Mathman's nemesis was Mr. Glitch, a cranky tornado who was always described with a different negative adjective. He was a parody of the multi-colored Ghost enemies of Pac-Man and would appear whenever Mathman had to make a decision. If Mathman ate an incorrect number or polygon, answered a question incorrectly, or used up too much time, Mr. Glitch would "power up" (with lightning bolts and thunder crashing), chase after Mathman, and then eat him. He won this right the majority of the times the game was played, only being defeated a handful of times.

Occasionally, Mathman did not play the game himself, making Mr. Glitch the contestant. If he answered incorrectly, he would be eaten by Mathman (or on one occasion, Mathman's dog, Mathdog). On one occasion, Mr. Glitch got away with an incorrect answer, but on the second incorrect answer, he was eaten by a giant Mathman.

The Announcer

At the beginning of each sketch, an off-screen voice told either Mathman or Mr. Glitch what his mission would be. Then, a warning was issued to the playing character stating "He will eat you if you are wrong." He also congratulated Mathman and awarded him a free game if he finished the game perfectly.

Dirk Niblick of the Math Brigade

Dirk Niblick of the Math Brigade is a cartoon segment on the PBS television show Square One TV.

The title character, Lt.
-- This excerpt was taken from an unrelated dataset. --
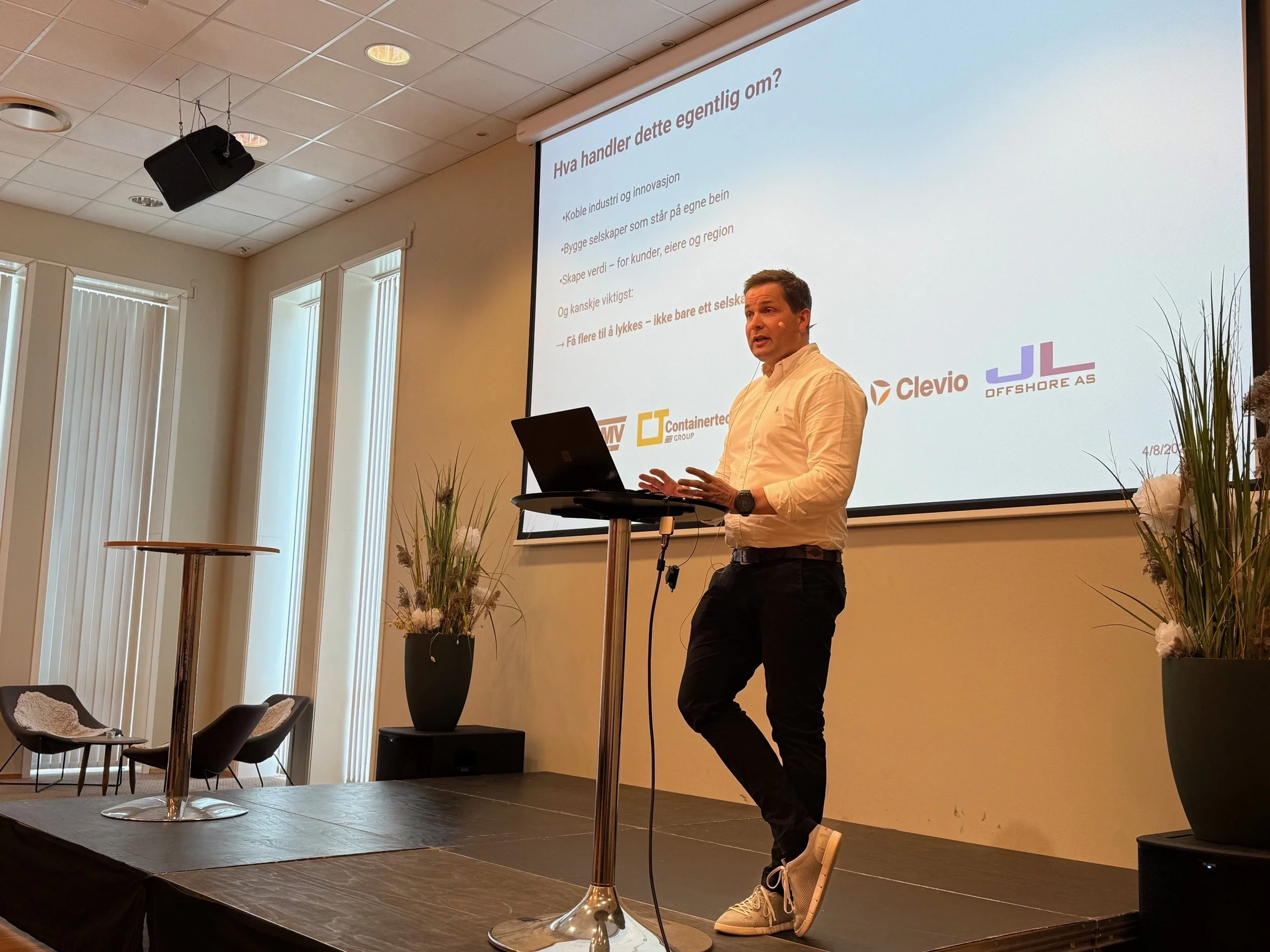 Peder Andersen, CEO ved AMV i Flekkefjord, fortalte hvordan de tenker når de investerer i selskaper. De har investert i rundt 20 selskaper med stort og smått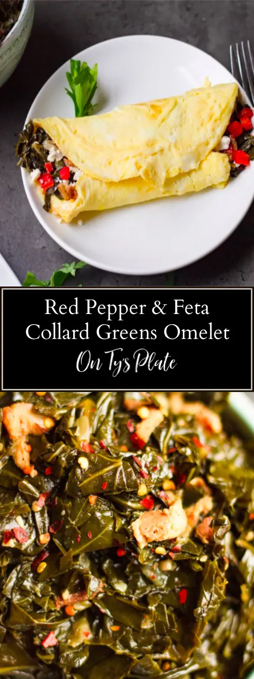Repurpose those amazing Sunday collard greens by turning them into Monday morning wonder! Make them into a deliciously fresh red pepper and feta collard green omelet.

Dirk Niblick, is tasked in each segment with helping friends through practical dilemmas through the use of mathematics. Episodes frequently center on outsmarting scam artists who use deceptive language to attempt to trick the protagonists out of money or property. Most episodes also feature Dirk having one or more telephone conversations with his mother. Supporting characters on the show include Dirk's two young friends, the brother-and-sister pair Fluff and Fold Noodleman, and Dirk's neighbor, Mr. Beasley. The Dirk Niblick segments are similar in appearance to the 1965 cartoon Roger Ramjet; Fred Crippen animated for both, and Gary Owens voiced both title characters.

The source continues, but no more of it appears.